Apart from how it affects patients physically, lupus affects victims financially.
Medical costs can be a major burden for chronically ill student. Heard said sickness and pain from her disease comes and goes, but it pulls a substantial amount of money with it each time.
“School and medical bills add up,” Heard said. “We just haven’t paid them. I mean, I have to visit the doctor every three months, so I’m probably over $20,000 in debt, just from medical costs, that doesn’t include school.”
According to Financial Aid Director Laura Brown, the Office of Financial Aid is not aware of any institutional or private scholarships offered specifically to students with medical conditions.
“There is an Ole Miss fund for one-time emergencies that can sometimes be tapped,” Brown said, “But this is restricted to small, one-time micro-grants, and would not normally be available to students with ongoing, chronic medical conditions.”
Brown said students can disclose this information in a financial aid or scholarship appeal to express that they have struggled from extenuating circumstances. The student or family can also request re-evaluation of the student’s eligibility for need-based financial aid.

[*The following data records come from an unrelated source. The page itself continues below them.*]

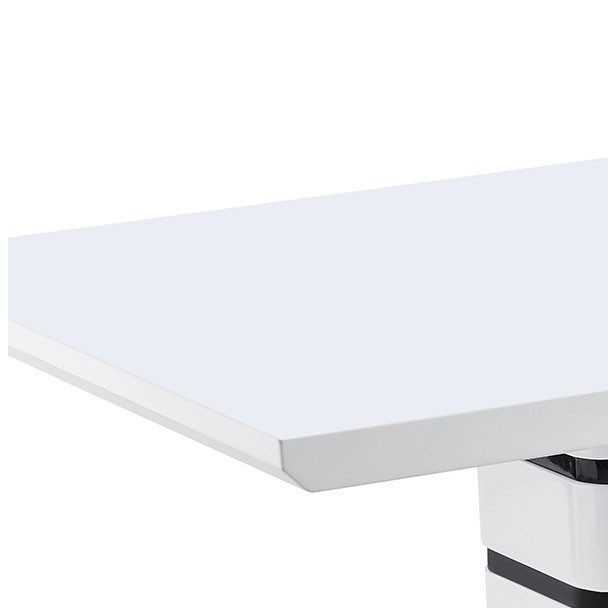 Modernizirajte svojo dnevno sobo s futuristično klubsko mizo ADAN, ki se ponaša z elegantnim videzom in mogočnim stebrom. Miza je na voljo v kombinaciji bele barve v visokem sijaju in črnih okrasnih črt na stebru, tako da se enostavno kombinira z drugimi barvami. Plošča nudi dovolj prostora za odlaganje vseh vaših najljubših revij, časopisov, prigrizkov in pijače.
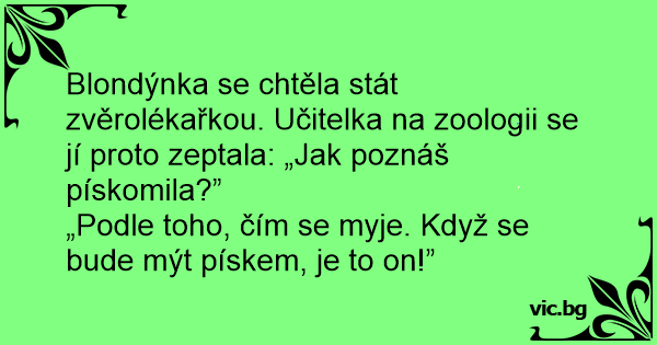 Blondýnka se chtěla stát zvěrolékařkou. Učitelka na zoologii se jí proto zeptala: „Jak poznáš pískomila?”
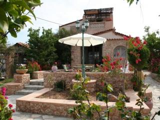 Alleinstehendes Haus mit 2 Maisonetten. Am Zipfel eines Hügels mit weiten Ausblicken auf die Porto Cheli Bucht und mit einem phantastischem weiten 180-Grad-Blick von der zweiten Maisonette auf die Inseln Hydra und Dokos bis hin nach Ermioni und Koilada.

In an effort to raise awareness for lupus and help raise money for Heard, senior criminal justice major Tinecia Francis has partnered with Phi Alpha Delta Law Fraternity.
Francis’ campaign fund will end on Feb. 25 and all proceeds will go toward Heard and a lupus foundation of her choice.

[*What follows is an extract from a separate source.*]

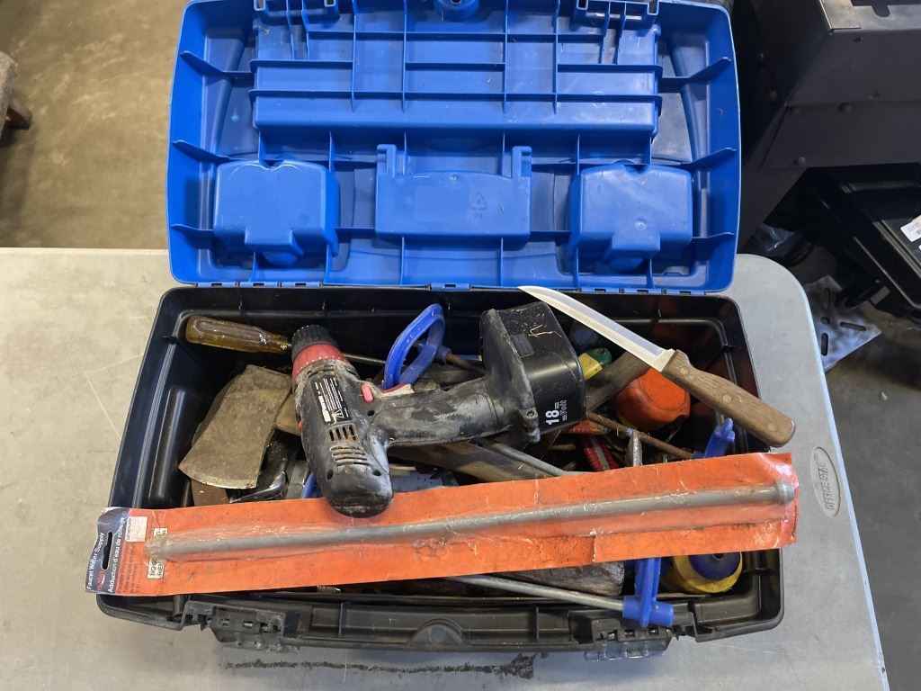 PAINTING SUPPLIES, SPRAYER AND TOOLBOX WITH CONTENTS

“I wanted to do this to help her and her family who are already going through so much, but also to raise awareness of lupus, which affects African-American women more than any other group,” Francis said.
Francis said she met Heard her freshman year in an environmental writing class.
“Honestly, she is going through so much in her life but meeting her you wouldn’t even know it and that is what made me fall in love with who she is even more,” Francis said.
Heard said she is determined to finish school no matter what.
“I love school, and I have people looking up to me,” Heard said. “I have to finish for everyone who looks to me for inspiration. Also, I don’t like to see my mom down. So I just keep pushing. I can’t let people down.”